Instructions for the task
Pictures must not appear in the copy. Restate exactly the lines below from the one with "Pamuk Şİle Bezi" through the one with "Протокол матча Хапоэль", inclusive.
(Dataset excerpts Opens)
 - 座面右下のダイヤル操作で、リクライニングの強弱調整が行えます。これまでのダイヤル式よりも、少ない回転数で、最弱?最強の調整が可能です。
(Dataset excerpts Closes)
(Dataset excerpts Opens)
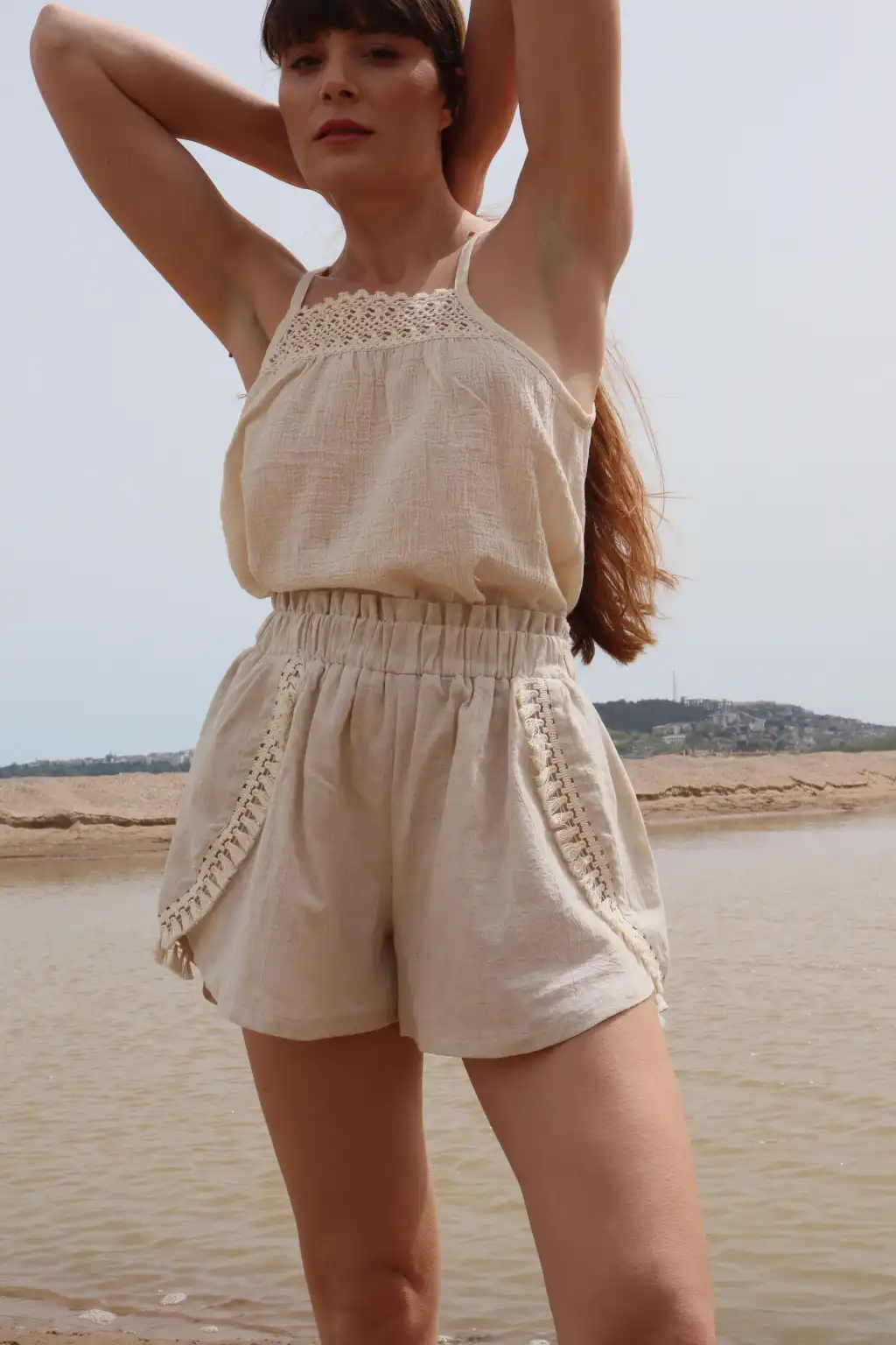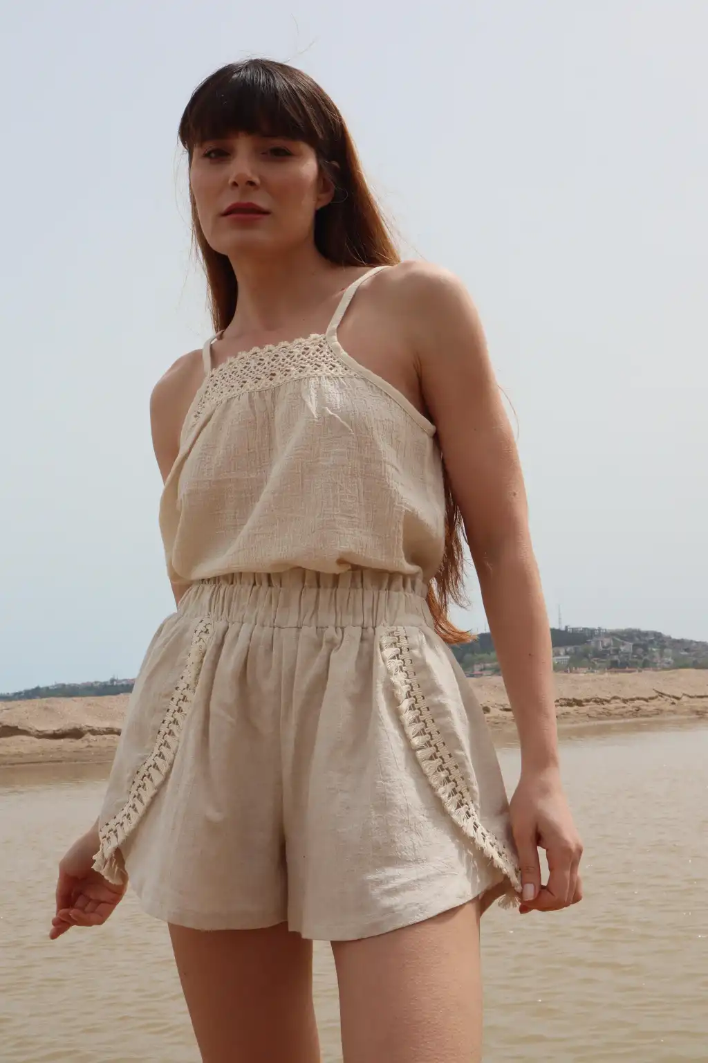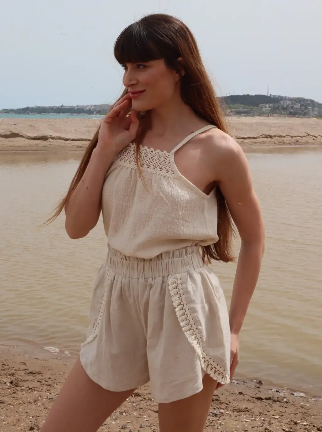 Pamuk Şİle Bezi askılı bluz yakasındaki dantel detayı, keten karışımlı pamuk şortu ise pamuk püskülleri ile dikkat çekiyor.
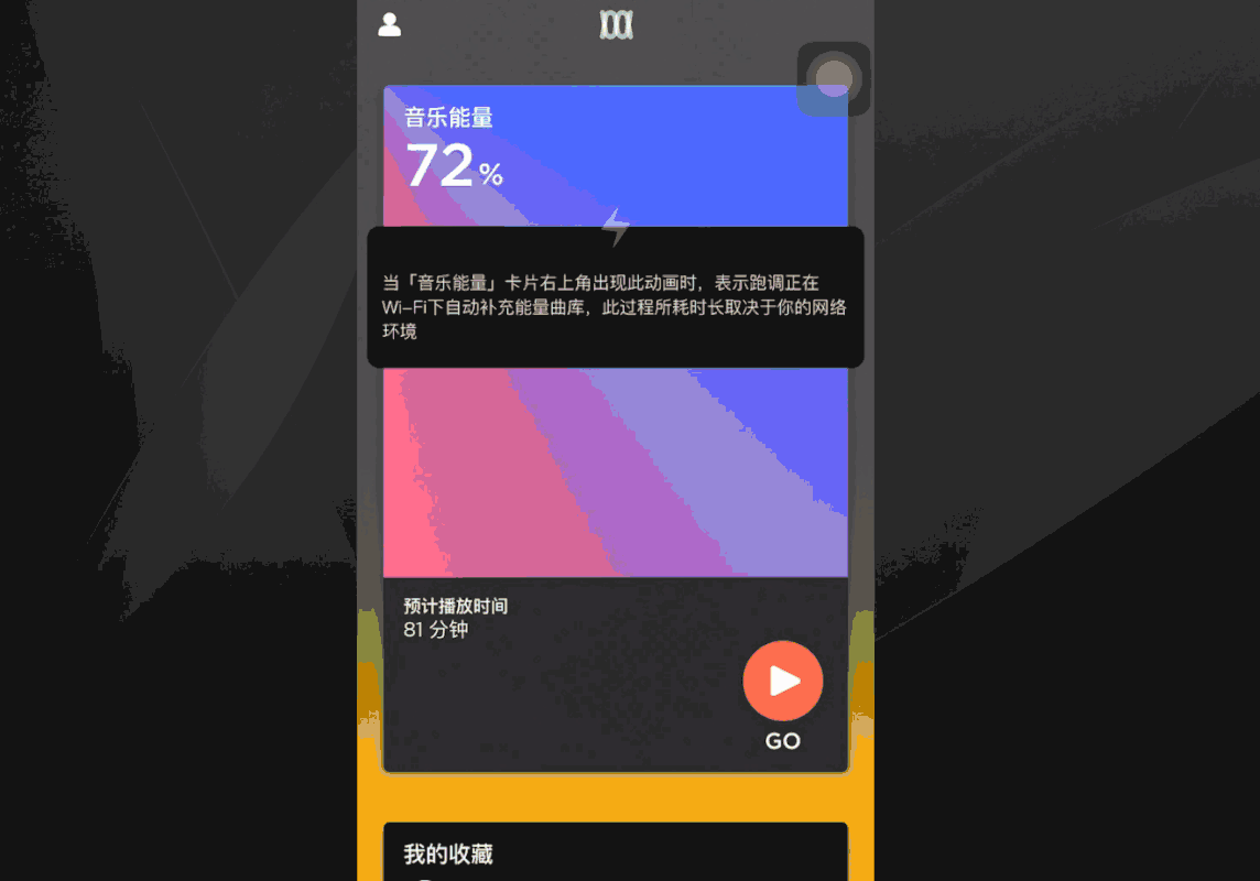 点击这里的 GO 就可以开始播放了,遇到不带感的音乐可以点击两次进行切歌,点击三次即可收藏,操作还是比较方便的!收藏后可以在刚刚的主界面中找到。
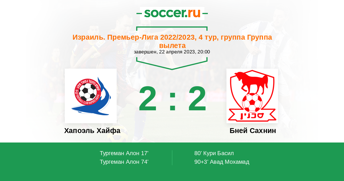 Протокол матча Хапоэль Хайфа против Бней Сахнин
(Dataset excerpts Closes)
Written answer
 Pamuk Şİle Bezi askılı bluz yakasındaki dantel detayı, keten karışımlı pamuk şortu ise pamuk püskülleri ile dikkat çekiyor.
 点击这里的 GO 就可以开始播放了,遇到不带感的音乐可以点击两次进行切歌,点击三次即可收藏,操作还是比较方便的!收藏后可以在刚刚的主界面中找到。
 Протокол матча Хапоэль Хайфа против Бней Сахнин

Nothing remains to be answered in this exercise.